→ Exercise requirements:
Starting at the line that contains "Женщина распаковывает и", return every line through the end of the data exactly, without pictures.

→ Supplied material:
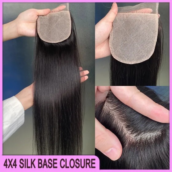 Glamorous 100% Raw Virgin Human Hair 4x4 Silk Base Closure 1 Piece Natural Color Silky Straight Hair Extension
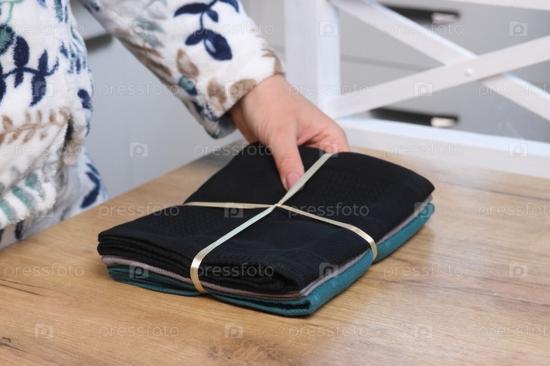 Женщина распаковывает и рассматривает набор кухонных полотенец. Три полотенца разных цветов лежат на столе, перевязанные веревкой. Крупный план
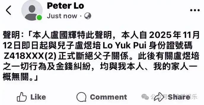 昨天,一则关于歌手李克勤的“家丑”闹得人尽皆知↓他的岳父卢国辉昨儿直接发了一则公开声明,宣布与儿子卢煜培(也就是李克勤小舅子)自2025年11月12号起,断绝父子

→ Completed task:
 Женщина распаковывает и рассматривает набор кухонных полотенец. Три полотенца разных цветов лежат на столе, перевязанные веревкой. Крупный план
 昨天,一则关于歌手李克勤的“家丑”闹得人尽皆知↓他的岳父卢国辉昨儿直接发了一则公开声明,宣布与儿子卢煜培(也就是李克勤小舅子)自2025年11月12号起,断绝父子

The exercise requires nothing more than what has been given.